The day before at close of play with England strongly placed Benaud had met Ray Lindwall in the bar and picked his brains. The discussion centred round the deep footmarks which Benaud hoped to exploit by bowling round the wicket to the right-handers when England batted last. The legendary fast bowler thought it might work but warned Benaud he would have to be deadly accurate "otherwise they'll kill you."

England's batsmen certainly started the chase in a killing mood with Ted Dexter leading the slaughter.

Once opener Geoff Pullar was out for 26, Dexter took charge and brought England to the brink of victory with what Benaud would describe as the finest short Test innings he had ever witnessed.

With the majestic batsman clobbering both Davidson and McKenzie out of the attack, England needed just 130 more runs in two hours with nine wickets in hand.

At this stage Benaud considered his options which were limited at best. He knew if he were to go for victory then all out attack was the only way out. He was backed by both his trusted seniors, Harvey and Wally Grout.

The leg spin of Simpson was introduced with Dexter promptly carting him for 21 off one over. But still attacking fields were being maintained.

England's pace bowlers had created the rough which Benaud now sought to exploit just as planned the previous evening. There were five left-handers in the England batting line up but the main stumbling blocks would be Dexter and May.

Benaud figured if he could tie down Dexter, the batsmen might be induced into making a foolish stroke. After failing to score off the first five balls, Dexter tried to cut the sixth of the over only to feather a catch behind. Grout leaped in glee, Benaud whirled round in appeal, all the Aussies in the field went up in joy. They knew they had made the first breach-Dexter c. Grout b. Benaud 76 (14 fours and one 6 in 84 minutes) at 150 for 2.
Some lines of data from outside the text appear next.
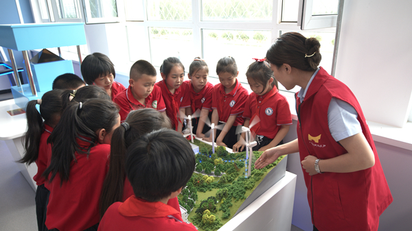 “大家请看,这是输电网,可以把风力转化成电能,源源不断送到我们的学校。”6月30日,在涞源县燕赵学校“未来E站”校园科技实验室内,来自国家电网保定供电公司的青年志愿者教师刘晨站在沙盘模型前,为学生们讲解电网如何将清洁电能输送到千家万户。精致的沙盘模型、生动的讲解,瞬间激发了学生们对风力发电技术的好奇心和学习科学的热情。
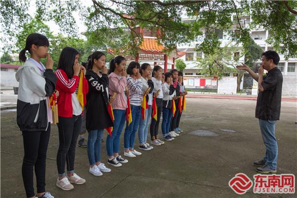 謝秀山在公園練習(xí)樹葉吹奏。 東南網(wǎng)記者 李凌生 攝 同樣是邱少春的弟子,與鄒開煌不同的是,謝秀山在年輕時就已經(jīng)學(xué)會了樹葉吹奏?!半m然也會吹小曲,但水平和邱老師差太遠了!”正是在鄒開煌的引薦下,謝秀山認識了邱少春并拜入門下?!扒窭蠋煾嬖V我怎么處理連音、停頓等技巧?!痹谥x秀山看來,除了爐火純青的吹奏技藝,更難能可貴的是,邱少春總結(jié)提煉出了一套自己的教學(xué)方法,而這是他與其他吹葉藝人最大的差別。 “如果沒有理論指導(dǎo),樹葉吹奏技巧很難掌握,技藝的傳承也比較困難?!蓖ㄟ^二十多年的實踐和摸索,邱少春逐漸形成了一套較穩(wěn)定、科學(xué)的樹葉演奏技藝及教學(xué)方法。“我把整套體系分為呼吸、選葉、演奏、概念、意念五大環(huán)節(jié),幫助學(xué)員全面系統(tǒng)地了解樹葉吹奏?!鼻裆俅涸谧约旱臉淙~吹奏培訓(xùn)班大力推廣這套教學(xué)方法,許多學(xué)員在幾個月內(nèi)就吹出了完整的曲調(diào)。 今年暑假,由邱少春主講的樹葉吹奏輔導(dǎo)班如期在上杭舉行。近一周的時間里,輔導(dǎo)班吸引了來自全國各地的學(xué)生、教師、家庭主婦等不同職業(yè)近百名吹葉愛好者,而這樣的培訓(xùn)已經(jīng)連續(xù)開展了3年。 “樹葉吹奏取材簡單,入門門檻低,非常適合民間推廣。”邱少春說,樹葉吹奏源于民間,如今能夠回歸民間,豐富群眾的藝術(shù)生活,他樂見其成。 建基地 揚技藝 今年國慶期間,一部由上杭縣樹葉吹奏協(xié)會傾力打造的樹葉吹奏《我和我的祖國》原創(chuàng)視頻在當?shù)嘏笥讶V為流傳。令出品方?jīng)]想到的是,這部獨特的作品迅速在網(wǎng)上躥紅,幾天時間里先后被市里和省里的官方媒體轉(zhuǎn)載,并最后被新華社視頻部編輯采用。 在這部原創(chuàng)視頻里,邱少春帶著上杭縣第二實驗小學(xué)的學(xué)生和一群吹葉愛好者擺出不同造型,用深情款款的“葉笛”曲調(diào)表達對新中國成立70周年的祝福。 “2017年,我們率先將樹葉吹奏作為特色教學(xué)項目引進學(xué)校,并成立了傳承基地。”上杭縣第二實驗小學(xué)黨支部書記鄧長新說,學(xué)校為樹葉吹奏配置了專門的老師、編制了校本教材,還成立社團每周為孩子們開展培訓(xùn)。正是基于良好的教學(xué)基礎(chǔ),該校在師生中分別成立了幾個較為穩(wěn)定的表演團隊,其中更有30多名教師成為縣樹葉吹奏協(xié)會的骨干成員。
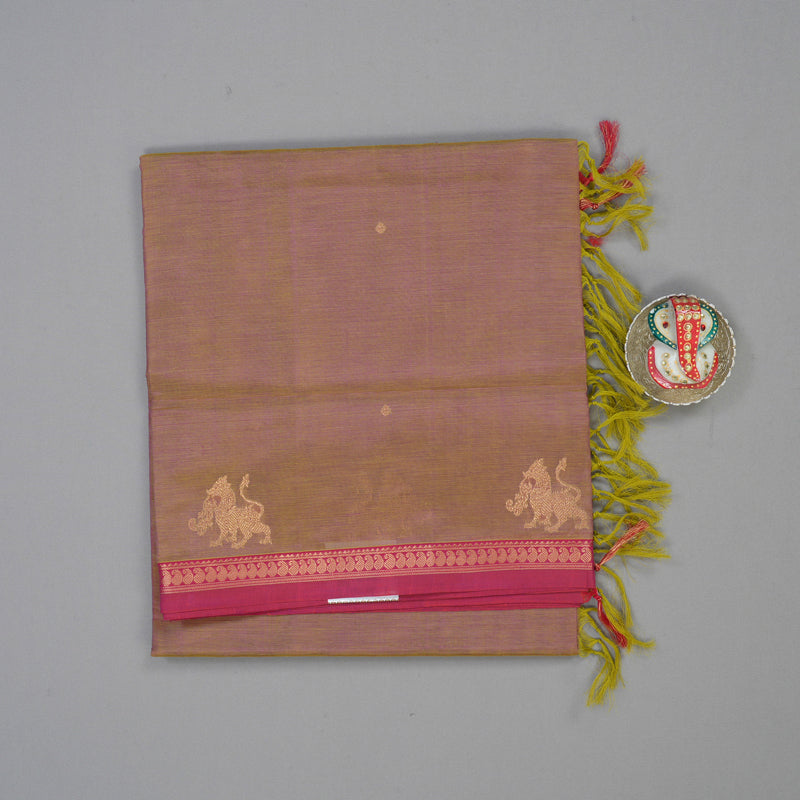 This exquisite dual-toned olive green and pink Pure Kanchi Silk Cotton saree offers a unique, shimmering aesthetic. The body is uniquely detailed with majestic horse motifs along the bottom, elegantly framed by a contrasting pink small border and a matching rich pallu and blouse for a sophisticated finish.
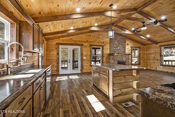 Privacy, rustic, log home sound like your kinda home. Take a look at this true log home on 4.97 acres with some cleared land, some fencing & small pond. 3/4 wrap around rocking chair porch great for entertaining. Enjoy the rustic feel as soon as you walk thru the doors. Stone electric fireplace, cathedral ceilings, laminate floorings thru out to add to the coziness, custom built cabinets with lots of space for the chef in family. 3 spacious bedrooms with large closets. Master has double vanity and walk in shower. Wait there is a 30x60 man cave with car lift, air compressor and wood stove, and 1 bedroom 1 bath living quarters that could be a in law quarters. Storage building out back with open storage on each side for equipment or your toys. Come see this on for yourself.

May defended the first ball he faced from Benaud's next over but was bowled round his legs from the rough from the second while attempting a sweep-out for a duck and Benaud now raised Aussie hopes sky-high.

Brian Close was another batsman whom Benaud feared could take the match away. The left-hander decided the best way out would be to go for all-out attack and he carted Benaud over long on for six. A quick 20 could turn the match England's way. But Close got carried away and he top edged the rampant Aussie captain to be caught at square leg for 8 at 158 for 4.

At the other end, opener Raman Subba Row was grimly hanging on. But one short of his 50 and the ball before the tea break he too fell to Benaud who had now taken four wickets in 19 balls. At the interval England needed 93 runs in 85 minutes, but with only five wickets in hand. The Aussies had now taken the upper hand.

England's hopes rested with Ken Barrington and wicket-keeper John Murray. Ken Mackay, bowling in pain with a leg injury trapped Barrington in front shortly after the break and then Benaud snapped up Murray.

England's tail was not allowed to wag and when Davidson knocked out Statham's off stump with just 20 minutes of play left, England had collapsed to 201, the last nine wickets going down for 51.

Benaud finished with 6 for 70 and with Australia leading 2-1 and just one Test to go (it would be drawn), the Ashes would stay with Australia.

It was just reward for the captain's courageous tactics on the final day when he never once wavered from his plan.